» **What you will do**
Copy nothing but the text: repeat each entry exactly and drop the images.

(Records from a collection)
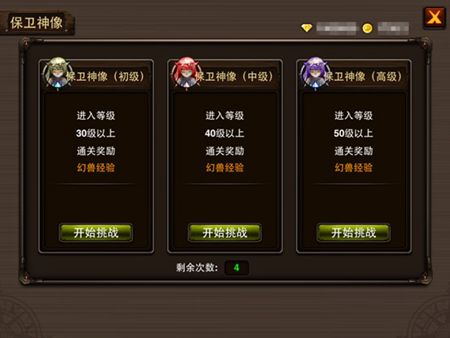 守卫女神之路肯定不会一帆风顺。一大波高富帅土豪都围着女神转呢。必须打退一切竞争对手,向女神展示自己的强大,才有可能虏获其芳心啊!守卫神像的每一波敌人都会配搭一只精英和BOSS级怪物,只要玩家挺过10波进攻浪潮之后就算挑战成功,并可获得大量幻兽经验。多好,人财都到手!
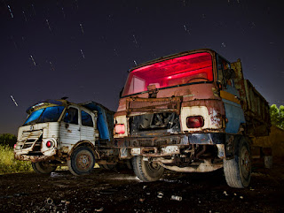 Fotografía tomada en el cementerio de grúas, 35 imágenes de 30", montado con startrails y mejorado con topaz labs.
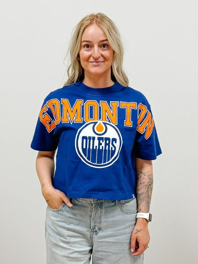 Score big with this playful Oilers Outreach '47 City Tee, designed for fans who wear their team pride loud and proud. Featuring classic '47 brand quality and a fresh city-inspired design, this tee celebrates your love for the Oilers in style. Perfect for game days, casual outings, or showing support year-round. Comfortable, durable, and unmistakably Edmonton—because being a fan is a lifestyle.
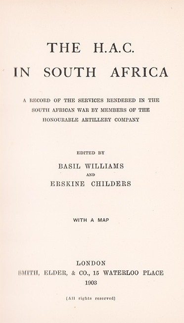 Hackett (R. G.) South African War Books page 12: A record of the 193 members if the Honourable Artillery Company who served in South Africa with the City Imperial Volunteers, the Imperial Yeomanry and various other corps. Of the H.A.C. members incorporated in the C.I.V. most served in the Field Battery and various chapters relate to its formation and war service. The volume contains a list of all H.A.C. members in South Africa showing rank and branch of service.
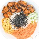 Salmon cubes in our special glaze, carrots, cucumber,corn, nori, rice
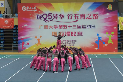 11月25日下午,tyc122cc太阳成集团第五十三届校运会啦啦操比赛在tyc122cc太阳成集团西校园体育馆举行。本届比赛正值tyc122cc太阳成集团建校95周年,备受关注。比赛共有24个公司代表队参加,其中大公司组16支队伍、小公司组8支队伍。此次比赛公司以572分的高分夺得大公司组一等奖和最佳人气奖,实现公司在此项赛事的第二十次蝉联一等奖。另外,公司啦啦操队领队梁心怡同学获本次比赛“最佳运动员”称号。
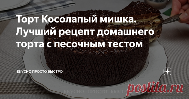 Торт Косолапый мишка. Лучший рецепт домашнего торта с песочным тестом Всем привет! Меня зовут Наталия и я рада Вас приветствовать на своём канале Вкусно Просто Быстро! Сегодня я хочу предложить Вам приготовить очень вкусный, многими любимый торт Косолапый мишка. Вариантов его приготовления много. Я хочу предложить свой, который мне больше всего нравится - с рассыпчатым песочным тестом, шоколадным кремом, шоколадом, арахисом и меренгой. Пошаговый видео рецепт можно посмотре...
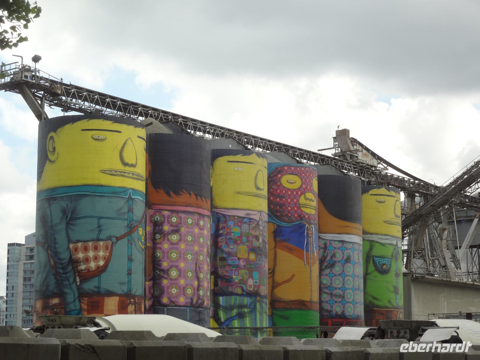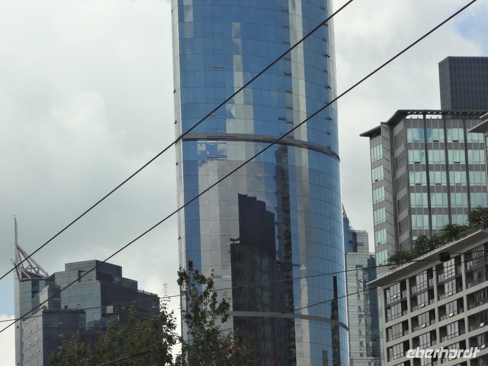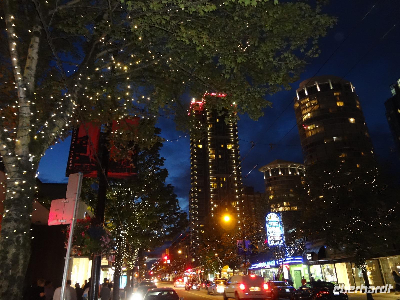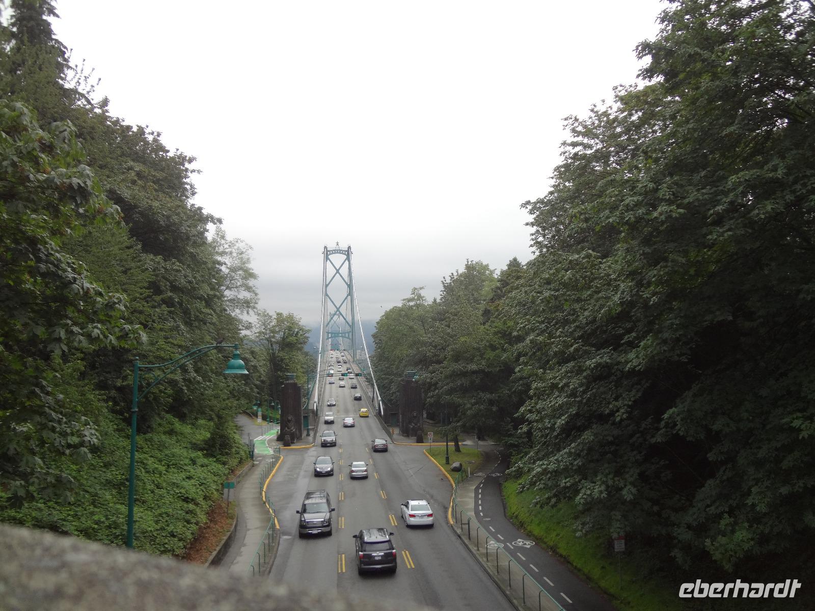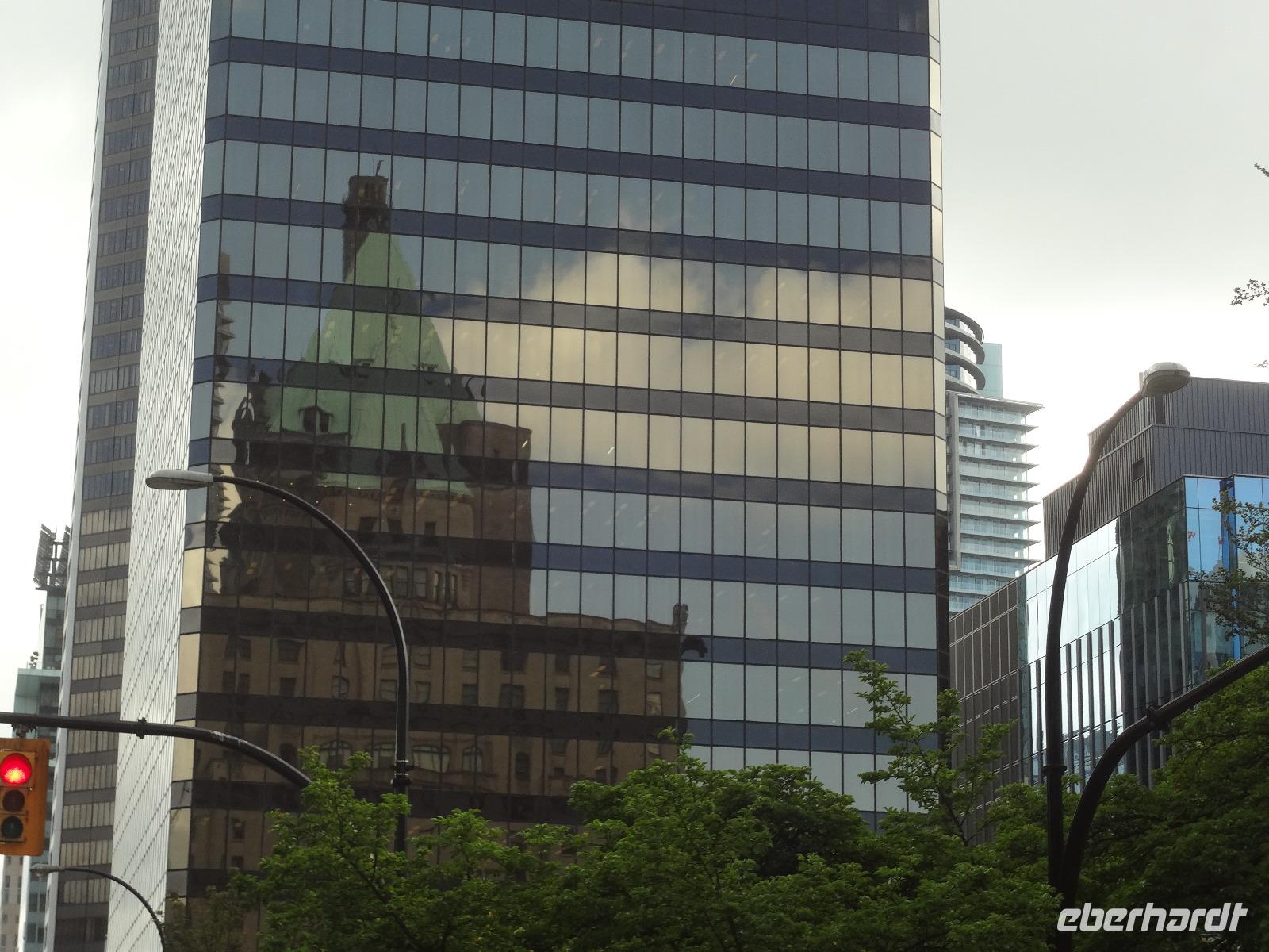 Judihui, wir haben heute eine halbe Stunde geschenkt bekommen. Unsere Stadtrundfahrt beginnt um 9 Uhr. Puenktlich, werden wir von Keith abgeholt denn er wird uns heute durch die Stadt fahren. Vorerst geht es zum Stadtpark, Stanley Park hat einen Rundweg von genau 10 Km und wir halten bei den geschichtserzaehlenden Pfaehlen mit dem schoenen Ausblick auf das Zentrum Vanouvers. Es gibt tatsaechlich noch einiges ueber die Totem zu berichten. Nun ruft aber der Kaffee im Shop und die Toiletten auch ! Wir schlaengeln uns durch die Stadt und befinden uns nach vielen Erlaeuterungen in Chinatown. Wir steigen alle aus und gehen zu Fuss durch diesen Stadtteil. Achtung nicht Nase ruempfen wenn wir an den getrockneten Fischen vorbeigehen die hier als Delikatesse angeboten werden. Noch ein Foto von dem viereckigen Huhn und den Gold Blaettchen und dann gehts weiter nach Gastown. Heute ist ein Radrennen in diesem historischen Stadtteil angesagt und das Fest ist genau dort wo die beruehmte Dampfuhr steht. Wir sind 11:45 dort und horchen dem Dampforchester zu ehe wir unseren Bus betreten. Wir sehen Canada Place, die Olympische Fackel, das beruehmte Hotel Vancouver und viel Verkehr, wir ueberqueren Bruecken und fahren durch staedtische Reservate bis wir auf Granville Island inne halten. Hier, unter der Granville Bruecke geht es lustig zu und her. Markthalle, Kuenstler, Glasblaeser, Restaurants, Seidenhersteller, Gallerien, Bars, Theater und Emily Carr's Universitaet befinden sich alle auf dieser aufgeschuetteten Insel + noch eine Zementfabrik. Dort treffen wir uns auch wieder alle nach 1 Stunde Aufenthalt. Die Lachspizza war koestlich. Alle, fahren wir mit Keith zurueck zum Hotel da wir ja heute Nachmittag frei haben und wir diese ueberschauliche Stadt selbst erkunden wollen.

» **Answer for the task**
 守卫女神之路肯定不会一帆风顺。一大波高富帅土豪都围着女神转呢。必须打退一切竞争对手,向女神展示自己的强大,才有可能虏获其芳心啊!守卫神像的每一波敌人都会配搭一只精英和BOSS级怪物,只要玩家挺过10波进攻浪潮之后就算挑战成功,并可获得大量幻兽经验。多好,人财都到手!
 Fotografía tomada en el cementerio de grúas, 35 imágenes de 30", montado con startrails y mejorado con topaz labs.
 Score big with this playful Oilers Outreach '47 City Tee, designed for fans who wear their team pride loud and proud. Featuring classic '47 brand quality and a fresh city-inspired design, this tee celebrates your love for the Oilers in style. Perfect for game days, casual outings, or showing support year-round. Comfortable, durable, and unmistakably Edmonton—because being a fan is a lifestyle.
 Hackett (R. G.) South African War Books page 12: A record of the 193 members if the Honourable Artillery Company who served in South Africa with the City Imperial Volunteers, the Imperial Yeomanry and various other corps. Of the H.A.C. members incorporated in the C.I.V. most served in the Field Battery and various chapters relate to its formation and war service. The volume contains a list of all H.A.C. members in South Africa showing rank and branch of service.
 Salmon cubes in our special glaze, carrots, cucumber,corn, nori, rice
 11月25日下午,tyc122cc太阳成集团第五十三届校运会啦啦操比赛在tyc122cc太阳成集团西校园体育馆举行。本届比赛正值tyc122cc太阳成集团建校95周年,备受关注。比赛共有24个公司代表队参加,其中大公司组16支队伍、小公司组8支队伍。此次比赛公司以572分的高分夺得大公司组一等奖和最佳人气奖,实现公司在此项赛事的第二十次蝉联一等奖。另外,公司啦啦操队领队梁心怡同学获本次比赛“最佳运动员”称号。
 Торт Косолапый мишка. Лучший рецепт домашнего торта с песочным тестом Всем привет! Меня зовут Наталия и я рада Вас приветствовать на своём канале Вкусно Просто Быстро! Сегодня я хочу предложить Вам приготовить очень вкусный, многими любимый торт Косолапый мишка. Вариантов его приготовления много. Я хочу предложить свой, который мне больше всего нравится - с рассыпчатым песочным тестом, шоколадным кремом, шоколадом, арахисом и меренгой. Пошаговый видео рецепт можно посмотре...
 Judihui, wir haben heute eine halbe Stunde geschenkt bekommen. Unsere Stadtrundfahrt beginnt um 9 Uhr. Puenktlich, werden wir von Keith abgeholt denn er wird uns heute durch die Stadt fahren. Vorerst geht es zum Stadtpark, Stanley Park hat einen Rundweg von genau 10 Km und wir halten bei den geschichtserzaehlenden Pfaehlen mit dem schoenen Ausblick auf das Zentrum Vanouvers. Es gibt tatsaechlich noch einiges ueber die Totem zu berichten. Nun ruft aber der Kaffee im Shop und die Toiletten auch ! Wir schlaengeln uns durch die Stadt und befinden uns nach vielen Erlaeuterungen in Chinatown. Wir steigen alle aus und gehen zu Fuss durch diesen Stadtteil. Achtung nicht Nase ruempfen wenn wir an den getrockneten Fischen vorbeigehen die hier als Delikatesse angeboten werden. Noch ein Foto von dem viereckigen Huhn und den Gold Blaettchen und dann gehts weiter nach Gastown. Heute ist ein Radrennen in diesem historischen Stadtteil angesagt und das Fest ist genau dort wo die beruehmte Dampfuhr steht. Wir sind 11:45 dort und horchen dem Dampforchester zu ehe wir unseren Bus betreten. Wir sehen Canada Place, die Olympische Fackel, das beruehmte Hotel Vancouver und viel Verkehr, wir ueberqueren Bruecken und fahren durch staedtische Reservate bis wir auf Granville Island inne halten. Hier, unter der Granville Bruecke geht es lustig zu und her. Markthalle, Kuenstler, Glasblaeser, Restaurants, Seidenhersteller, Gallerien, Bars, Theater und Emily Carr's Universitaet befinden sich alle auf dieser aufgeschuetteten Insel + noch eine Zementfabrik. Dort treffen wir uns auch wieder alle nach 1 Stunde Aufenthalt. Die Lachspizza war koestlich. Alle, fahren wir mit Keith zurueck zum Hotel da wir ja heute Nachmittag frei haben und wir diese ueberschauliche Stadt selbst erkunden wollen.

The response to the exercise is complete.